Pete missed the army, so, after a year in ‘civvy street’ he joined the TA, hoping that part-time soldiering would fill the void. It didn’t. Then he heard of the SAS, at that time relatively unknown, which was heavily involved in deep-penetration patrols in the Malayan jungle. In 1953 he applied to join, and passed a very exacting Selection course.
Before he knew it Pete was back on a troop ship en route to Malaya to join A Squadron. He had ten days’ training in jungle patrolling, a week on a final exercise, then his para course at the RAF station in Changi. After that, he was back on operations in the jungle. It must have seemed like he’d only just left.

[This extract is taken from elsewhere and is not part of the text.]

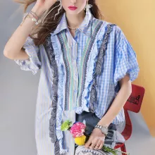 Turn heads and elevate your casual streetwear style with this eye-catching Women’s Striped Patchwork Blouse. Designed for those who crave individuality and comfort, this mid-length button-down shirt is the perfect blend of laid-back charm and statement fashion. Featuring a playful mix of stripes and plaid patterns, soft ruffles, and voluminous puff sleeves, it delivers a unique silhouette that feels as good as it looks.

The operational timetable the Regiment adhered to at that time was three months in the jungle, then ten days’ R&R leave. This was a tough regime, but for Pete going back to the jungle felt a bit like going home. He revelled in it, completing two three-year tours in Malaya with A Squadron in the 1950s, taking part in all the major operations. This included, of course, participating in the infamous tree jumps. Pete counted himself lucky to survive five of these, three in training and two on operations.
The Malayan operation that Pete regarded as the most satisfying and rewarding was staged in 1954. Pete, of course, was a veteran of jungle warfare by then, but still something of a new boy in A Squadron and the action was to serve as a forma
tive experience for him in learning how the SAS worked. The squadron was deployed to Kajang, an area of treacherous swamp on the west coast of northern Malaya just above Malacca. They had received intelligence that a terrorist group was mounting barbarous attacks against isolated villages, plundering food and livestock and raping and murdering the villagers. The leader of the group, Loon-Kon-Kim, had been dubbed ‘The Bearded Terror of Kajang’ by the locals.
A local jungle scout was chosen to lead an SAS troop in search of Loon-Kon-Kim’s base. Like the rest of his colleagues in A Squadron, Pete was by now more used to operating as part of a four-man patrol, so it felt a little like being back with the Suffolks when the best part of four patrols stalked through the swamp country. Wading through fetid water that could, at times, be almost chest deep, Pete took great care to keep his Bren gun out of the sludge. He was too old a hand to risk any kind of a stoppage when he knew that a close-quarter jungle firefight could erupt at almost any moment.
When they moved across higher ground they were hardly any less wet than in the swamp, the heat and humidity combining to leave their clothes drenched with sweat. Eventually the scout indicated an area up ahead and a series of silent signals were passed down the column. They sank to the jungle floor, Pete resting on one knee, the heavy Bren supported on his left thigh. The scout went forward with the patrol commander, creeping towards a clearing, crawling low in the foliage to find a vantage spot from which they could take a better look at the camp. The troop adopted an all-round defensive formation and waited.